Die Offenheit in Deutschland für eine sportpsychologische Betreuung im Spitzensport ist deutlich gestiegen, die Rahmenbedingungen sind aber bei weitem noch nicht optimal. Zu dieser Einschätzung kam Dr. Kai Engbert, Vorstandsmitglied der Arbeitsgemeinschaft für Sportpsychologie (asp) in Deutschland, beim Pressegespräch vor Beginn der asp-Jahrestagung in Kiel. „Je früher bei den Sportlern und Sportlerinnen mit der Betreuung begonnen wird, umso zugänglicher werden sie für unsere Arbeit“, sagte Engbert, der als Sportpsychologe unter anderem Teile der alpinen Ski-Nationalmannschaft und den Kanu-Nationalkader betreut.
Auch der Direktor des Bundesinstituts für Sportwissenschaft (BISp), Jürgen Fischer, bestätigte den positiven Trend in den letzten Jahren. „Früher galt es bei den Trainern, Verbänden und Funktionären viele Widerstände zu überwinden. Nun haben wir eine günstige Phase erreicht. Wir müssen jetzt etwas auf die Beine stellen, das dann dauerhaft überleben kann“, sagte Fischer. Die asp und das BISp haben gemeinsam eine Datenbank entwickelt, in der alle qualifizierten Sportpsychologen Aufnahme finden sollen und dann zur Vermittlung zur Verfügung stehen. Derzeit sind die beiden Partner bestrebt, die Qualität der Mitglieder dieser Datenbank sicherzustellen und weiter anzuheben.

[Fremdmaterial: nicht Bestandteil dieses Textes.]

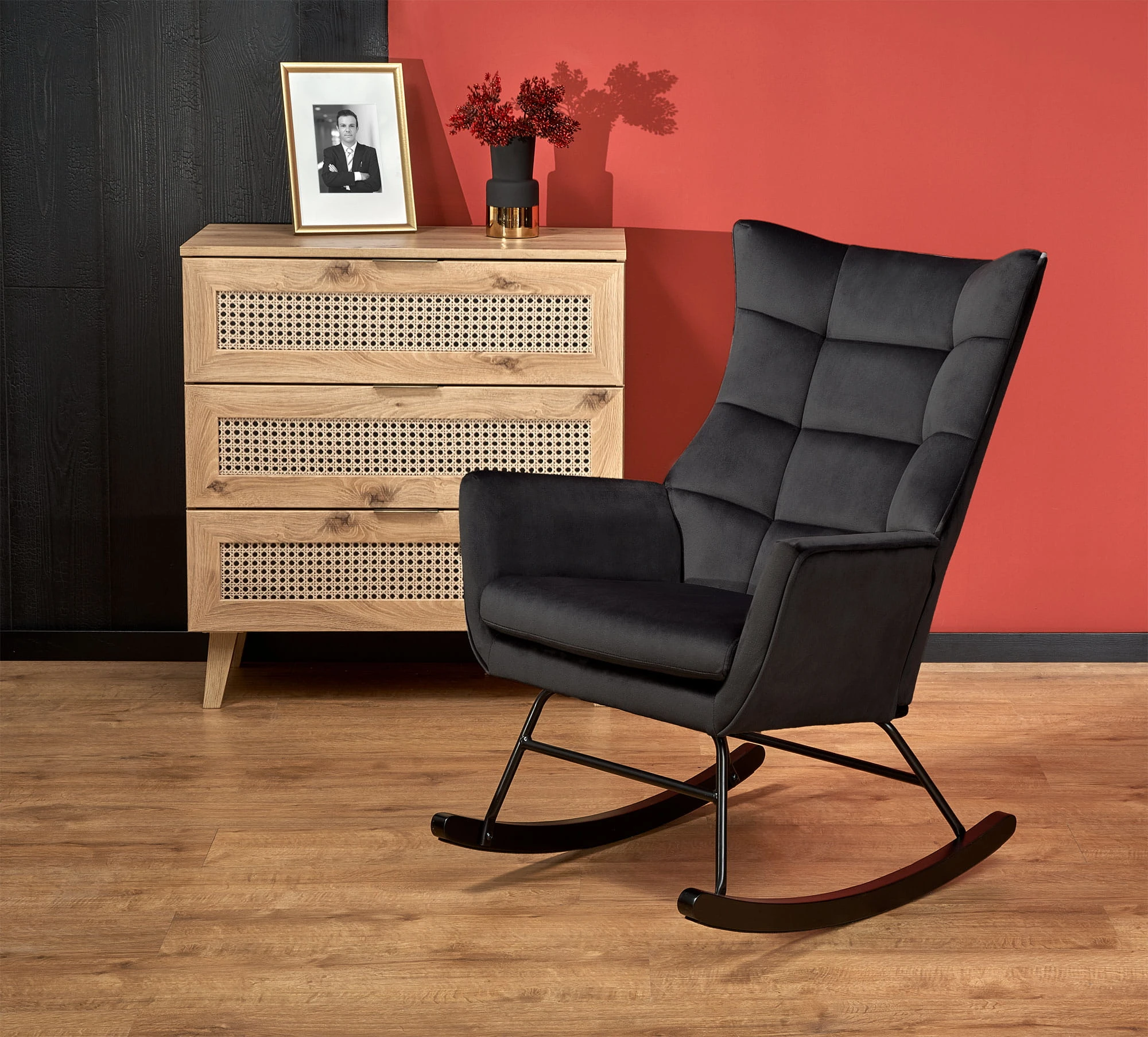 Czarny fotel bujany BAZALTO to elegancki mebel, który zapewnia komfort i relaks. Wyobraź sobie wyjątkową kombinację stylu i funkcjonalności. Fotel ten wykonany jest z solidnej drewnianej konstrukcji, która gwarantuje trwałość i stabilność.

„Die Sportpsychologie hilft den Spitzensportlern zum Einen in ihrer Persönlichkeitsentwicklung und zum Anderen darin, Mentale Stärke zu entwickeln und mit Drucksituationen besser umgehen zu können“, stellte der asp-Vorsitzende und Moderator des Pressegesprächs, Prof. Dr. Manfred Wegner, heraus Als besonderen Experten aus dem Spitzensport konnte Alfred Gislason, Trainer der besten deutschen Handball-Mannschaft, dem THW Kiel, gewonnen werden.
„Im Spitzenhandball sind wir in einer endlosen Schleife, denn unsere Saison ist extrem lang“, stellte Alfred Gislason, fest. Der Druck käme von außen und von innen. „Mit dem Druck von außen komme ich klar, aber der Druck von innen ist schwieriger. Es ist wie besessen zu sein“, meinte Gislason, der trotz der besten Saison seines Teams in der Bundesliga immer noch das allerletzte herausholen will.

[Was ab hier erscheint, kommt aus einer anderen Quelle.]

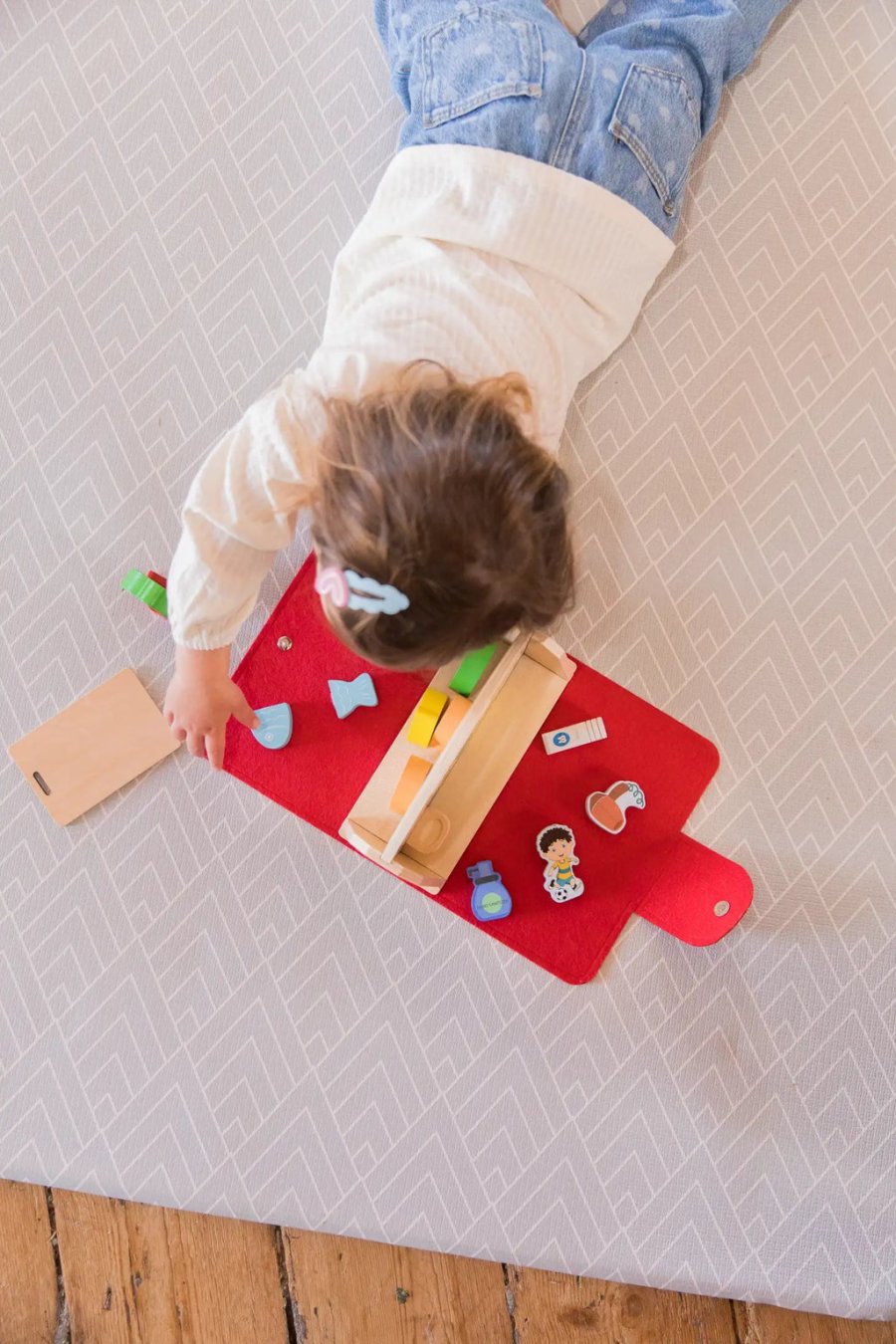 - البيت يفتح ليصبح مساحة لعب صغيرة، ثم يُغلق ليُخزن كل القطع بداخله بشكل منظم.
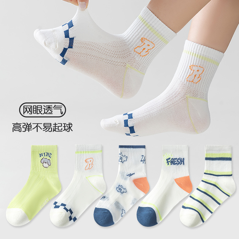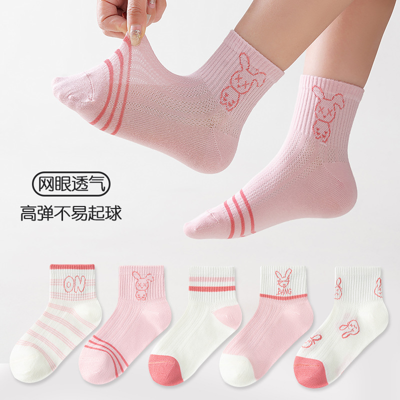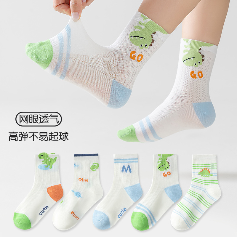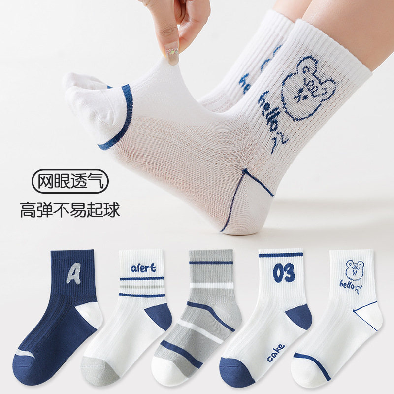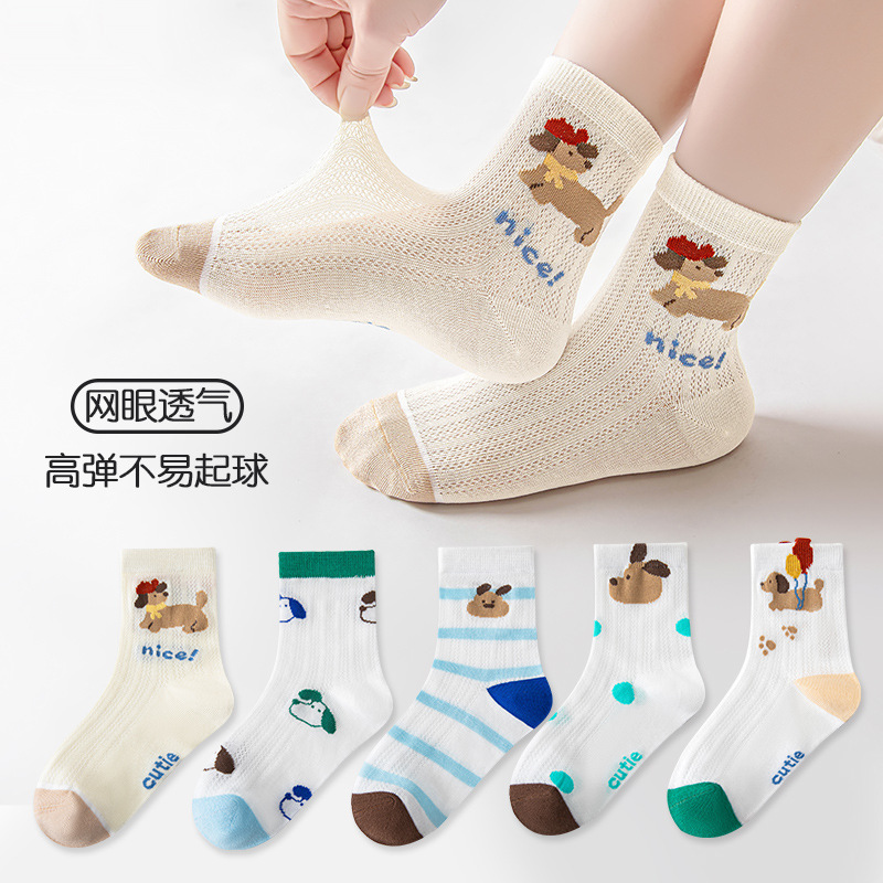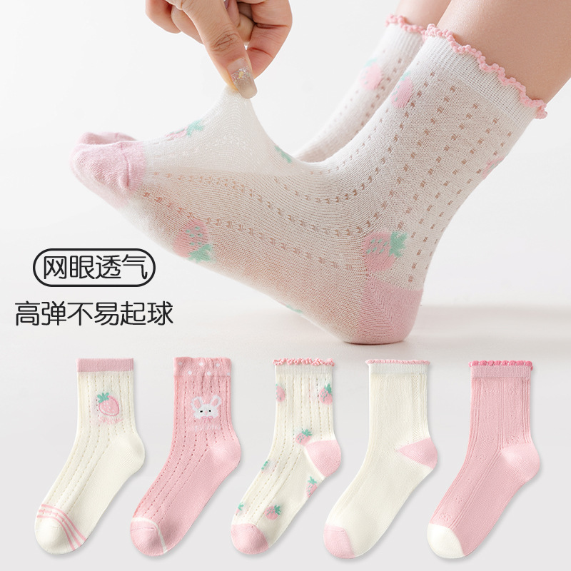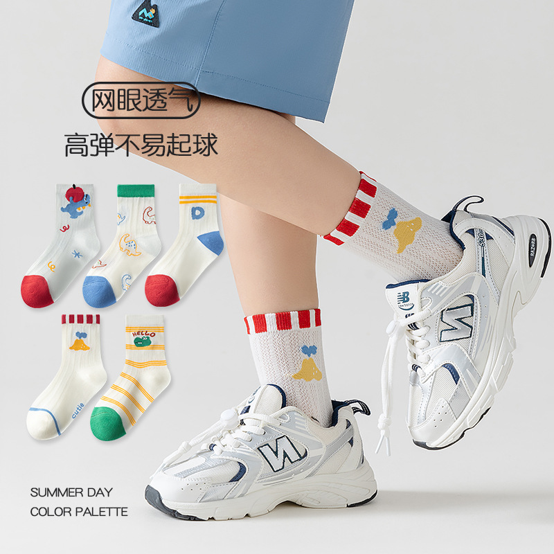 five-pair double set spring/summer thin socks anti-pilling mesh tube socks for children's socks boy girl baby socks

Gerade in diesen selbst gesteckten Zielen sieht auch Dr. Engbert die Schwierigkeit. „Es geht um die richtige Balance“, sagte der Sportpsychologe. „Die Vermittlung der richtigen Kompetenz, mit solchen Drucksituationen richtig umzugehen, ist das Entscheidende.“ Durch falsch gesetzte Ziele droht der Spitzensportler, an der eigenen oder fremden Erwartung zu scheitern. Gerade Zuschauer-Kulissen können bei Heimspielen den vielfach beschriebenen Vorteil auch in das Gegenteil umschlagen lassen. „Gerade in entscheidenden Situationen kann es kippen, weil die Erwartungen der Fans viel zu hoch sind und die Realität bei weitem übertreffen“, meinte der Heidelberger Psychologe Prof. Dr. Henning Plessner, der sich vor allem im Fußball mit den Fans und den Schiedsrichtern beschäftigt.

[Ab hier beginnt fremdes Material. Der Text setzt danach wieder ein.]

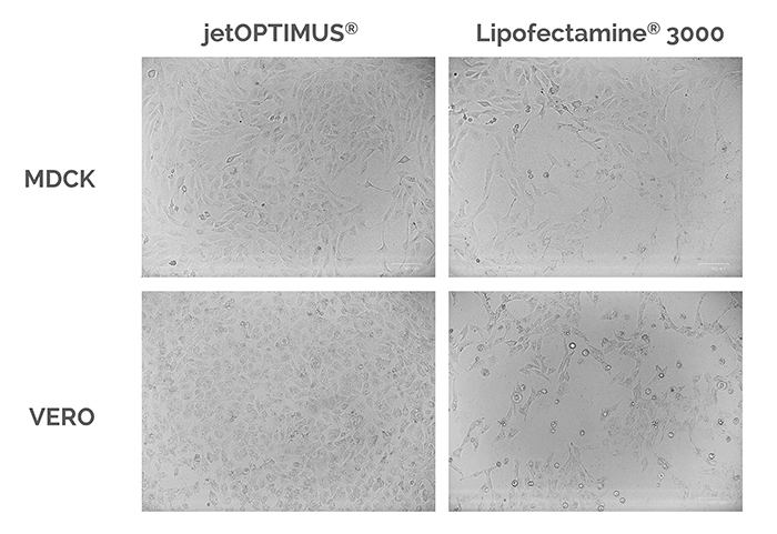 △圖2. 使用jetOPTIMUS?轉(zhuǎn)染24小時(shí)后,細(xì)胞仍然健康并保持良好形態(tài)。根據(jù)L3K和jetOPTIMUS?說(shuō)明書要求進(jìn)行轉(zhuǎn)染,24小時(shí)后在相差顯微鏡下觀察MDCK和VERO細(xì)胞的狀態(tài)。
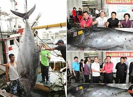 宜蘭縣南方澳今年捕獲的第一尾黑鮪魚,總重203公斤。18日由縣長林聰賢主持拍賣,以每公斤2300元的行情賣出,買主是「年年小館」餐廳委託鮮魚承銷人黃通明標得,引起饕客們的注目與垂涎。
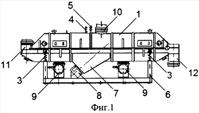 Сушильная установка с виброкипящим слоем включает в себя сушилку вибрационную конвективную типа СВК, которая состоит (см. фиг.1 и 2) из рабочего органа 1 в виде протяженной герметичной оболочки, состоящей из двух частей: крышки, жестко соединенной с лотком, причем в плоскости, перпендикулярной оси рабочего органа 1, крышка имеет профиль, образованный внутренней и внешней полуокружностями, а лоток имеет профиль криволинейной трапеции, с большим внешним основанием, равным по величине с диаметром внешней полуокружности крышки. Внутри рабочего органа 1 расположен горизонтальный перфорированный лист 2. Лоток посредством упругой системы 3 базируется на раме 6. Вибровозбудитель 8 закреплен на кронштейнах 7, связанных с нижней частью лотка. Кроме того, на рабочем органе 1 установлены патрубки загрузки 11 и выгрузки 12 продукта и патрубки подачи 9 нагретого теплоносителя (воздуха) и его отсоса 10, а на крышке установлены патрубки 4 и 5 соответственно для подключения к системам мойки и пожаротушения (на чертеже не показано).

Aus seiner Sicht ist vieles auf diesem Gebiet noch unerforscht. „Wir stecken hier noch in den Kinderschuhen“, meinte Prof. Plessner. Durch die deutliche Aufwertung der Sportpsychologie sieht der Heidelberger aber bessere Forschungsmöglichkeiten auf die Sportwissenschaft zu kommen.